Word for word, restate the listing; omit the pictures.

GIVEN MATERIAL below:

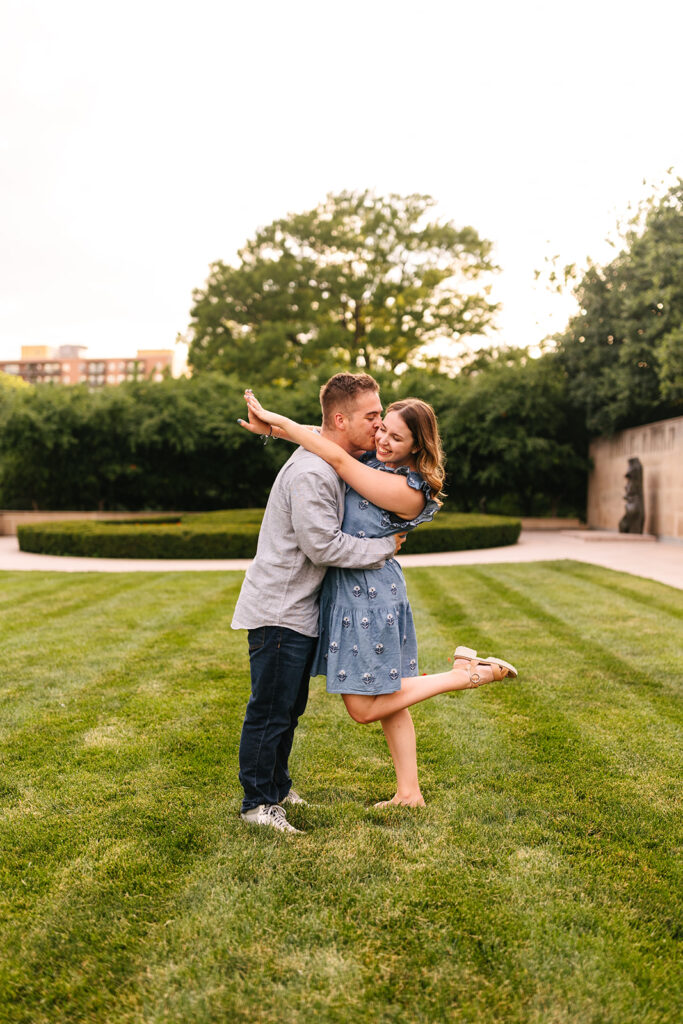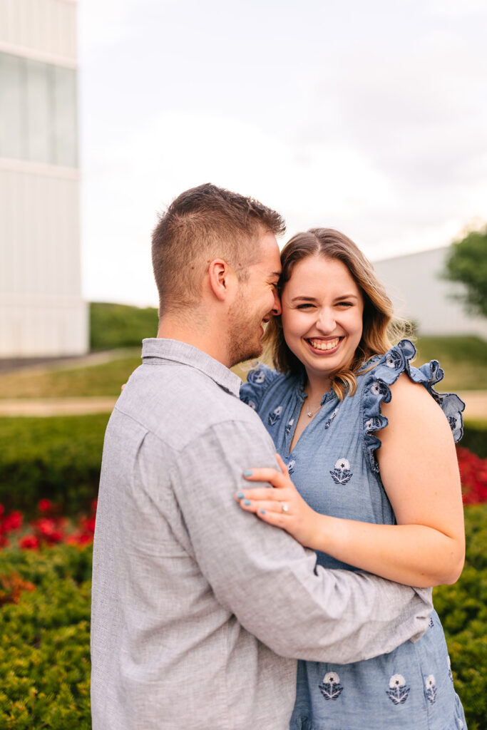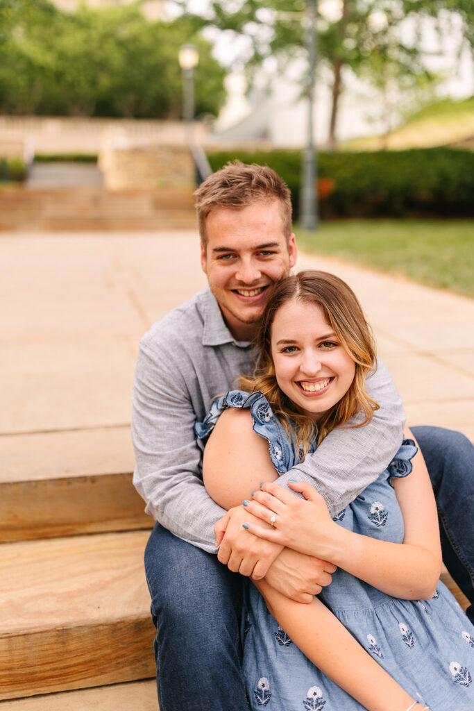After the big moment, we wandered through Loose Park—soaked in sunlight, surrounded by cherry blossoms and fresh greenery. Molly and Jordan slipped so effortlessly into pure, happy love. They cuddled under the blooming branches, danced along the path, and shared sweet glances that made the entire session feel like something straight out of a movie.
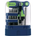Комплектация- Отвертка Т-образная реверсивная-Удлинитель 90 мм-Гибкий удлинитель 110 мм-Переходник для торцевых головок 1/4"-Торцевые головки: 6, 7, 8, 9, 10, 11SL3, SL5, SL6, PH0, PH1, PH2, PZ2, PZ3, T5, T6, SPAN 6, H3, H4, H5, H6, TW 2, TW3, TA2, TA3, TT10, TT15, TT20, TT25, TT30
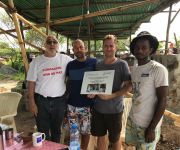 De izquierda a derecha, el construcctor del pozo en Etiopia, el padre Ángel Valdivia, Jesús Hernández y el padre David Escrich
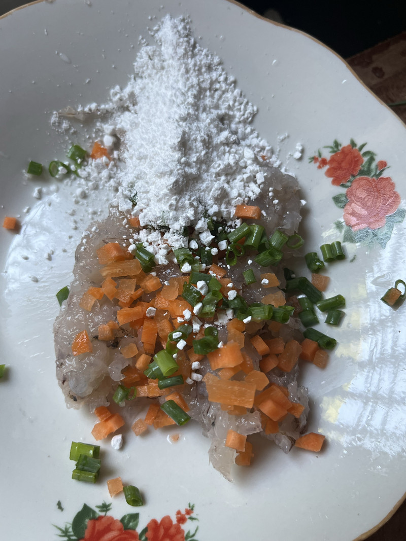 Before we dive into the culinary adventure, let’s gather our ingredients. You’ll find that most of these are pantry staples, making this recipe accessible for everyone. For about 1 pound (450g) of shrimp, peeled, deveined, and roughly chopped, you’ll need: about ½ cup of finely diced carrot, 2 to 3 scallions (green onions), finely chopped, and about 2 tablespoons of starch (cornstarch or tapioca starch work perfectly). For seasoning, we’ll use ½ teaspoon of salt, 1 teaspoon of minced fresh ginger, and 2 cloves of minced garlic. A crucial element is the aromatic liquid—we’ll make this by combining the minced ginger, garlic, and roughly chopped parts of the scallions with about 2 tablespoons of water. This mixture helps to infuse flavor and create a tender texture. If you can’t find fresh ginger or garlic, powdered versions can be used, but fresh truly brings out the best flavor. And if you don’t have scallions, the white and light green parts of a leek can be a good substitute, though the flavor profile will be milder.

End of GIVEN MATERIAL.

◆ EXERCISE ANSWER
After the big moment, we wandered through Loose Park—soaked in sunlight, surrounded by cherry blossoms and fresh greenery. Molly and Jordan slipped so effortlessly into pure, happy love. They cuddled under the blooming branches, danced along the path, and shared sweet glances that made the entire session feel like something straight out of a movie.
Комплектация- Отвертка Т-образная реверсивная-Удлинитель 90 мм-Гибкий удлинитель 110 мм-Переходник для торцевых головок 1/4"-Торцевые головки: 6, 7, 8, 9, 10, 11SL3, SL5, SL6, PH0, PH1, PH2, PZ2, PZ3, T5, T6, SPAN 6, H3, H4, H5, H6, TW 2, TW3, TA2, TA3, TT10, TT15, TT20, TT25, TT30
 De izquierda a derecha, el construcctor del pozo en Etiopia, el padre Ángel Valdivia, Jesús Hernández y el padre David Escrich
 Before we dive into the culinary adventure, let’s gather our ingredients. You’ll find that most of these are pantry staples, making this recipe accessible for everyone. For about 1 pound (450g) of shrimp, peeled, deveined, and roughly chopped, you’ll need: about ½ cup of finely diced carrot, 2 to 3 scallions (green onions), finely chopped, and about 2 tablespoons of starch (cornstarch or tapioca starch work perfectly). For seasoning, we’ll use ½ teaspoon of salt, 1 teaspoon of minced fresh ginger, and 2 cloves of minced garlic. A crucial element is the aromatic liquid—we’ll make this by combining the minced ginger, garlic, and roughly chopped parts of the scallions with about 2 tablespoons of water. This mixture helps to infuse flavor and create a tender texture. If you can’t find fresh ginger or garlic, powdered versions can be used, but fresh truly brings out the best flavor. And if you don’t have scallions, the white and light green parts of a leek can be a good substitute, though the flavor profile will be milder.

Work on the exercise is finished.